What is being asked
The listing below contains a span that opens with the line containing "圖為10月15日,在華鎣二中" and closes with the line containing "Jääsusien luistelu- ja kiekkokoulut alkavat!". Return that span exactly.

Exercise inputs

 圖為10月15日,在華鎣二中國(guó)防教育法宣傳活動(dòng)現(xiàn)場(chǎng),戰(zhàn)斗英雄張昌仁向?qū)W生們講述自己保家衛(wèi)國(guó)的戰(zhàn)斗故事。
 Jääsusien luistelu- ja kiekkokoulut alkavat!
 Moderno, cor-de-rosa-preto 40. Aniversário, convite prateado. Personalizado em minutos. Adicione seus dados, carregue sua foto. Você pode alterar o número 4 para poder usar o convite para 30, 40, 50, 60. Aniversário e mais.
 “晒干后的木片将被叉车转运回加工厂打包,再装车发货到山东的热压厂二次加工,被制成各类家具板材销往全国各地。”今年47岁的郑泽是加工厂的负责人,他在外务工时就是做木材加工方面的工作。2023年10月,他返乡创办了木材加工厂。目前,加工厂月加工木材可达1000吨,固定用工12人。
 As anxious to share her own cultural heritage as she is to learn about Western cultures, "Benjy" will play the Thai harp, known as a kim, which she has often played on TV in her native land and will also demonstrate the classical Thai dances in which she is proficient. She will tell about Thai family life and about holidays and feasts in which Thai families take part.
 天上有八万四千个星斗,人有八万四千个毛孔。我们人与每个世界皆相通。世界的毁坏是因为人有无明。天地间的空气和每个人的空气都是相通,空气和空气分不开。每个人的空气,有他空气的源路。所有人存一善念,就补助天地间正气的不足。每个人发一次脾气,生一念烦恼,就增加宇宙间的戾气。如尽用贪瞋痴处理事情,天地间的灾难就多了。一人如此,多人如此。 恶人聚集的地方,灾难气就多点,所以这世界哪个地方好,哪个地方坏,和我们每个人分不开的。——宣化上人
--
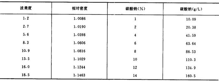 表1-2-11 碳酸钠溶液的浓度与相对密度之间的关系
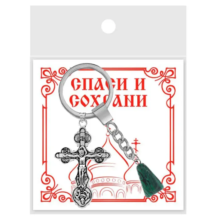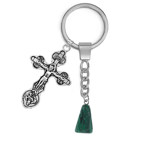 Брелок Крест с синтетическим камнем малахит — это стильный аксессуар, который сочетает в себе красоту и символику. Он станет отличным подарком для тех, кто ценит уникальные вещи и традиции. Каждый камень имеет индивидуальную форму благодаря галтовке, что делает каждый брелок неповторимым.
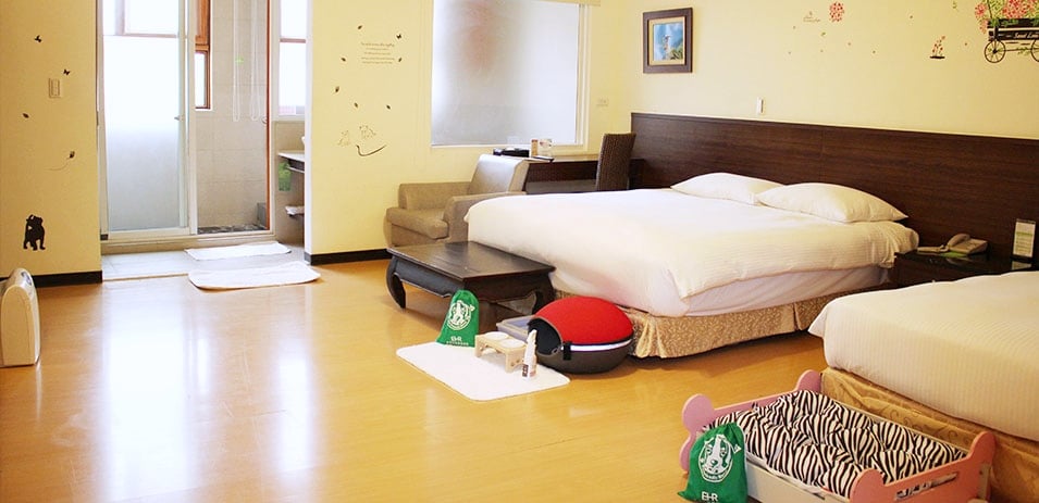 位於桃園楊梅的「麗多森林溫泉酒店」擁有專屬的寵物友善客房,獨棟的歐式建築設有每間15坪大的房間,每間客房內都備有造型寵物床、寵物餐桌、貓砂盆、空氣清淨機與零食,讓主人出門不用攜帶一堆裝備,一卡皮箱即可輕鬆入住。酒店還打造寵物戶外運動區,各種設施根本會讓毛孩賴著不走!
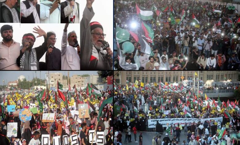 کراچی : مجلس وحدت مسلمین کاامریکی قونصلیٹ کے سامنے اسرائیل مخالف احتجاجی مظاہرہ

Exercise solution
 圖為10月15日,在華鎣二中國(guó)防教育法宣傳活動(dòng)現(xiàn)場(chǎng),戰(zhàn)斗英雄張昌仁向?qū)W生們講述自己保家衛(wèi)國(guó)的戰(zhàn)斗故事。
 Jääsusien luistelu- ja kiekkokoulut alkavat!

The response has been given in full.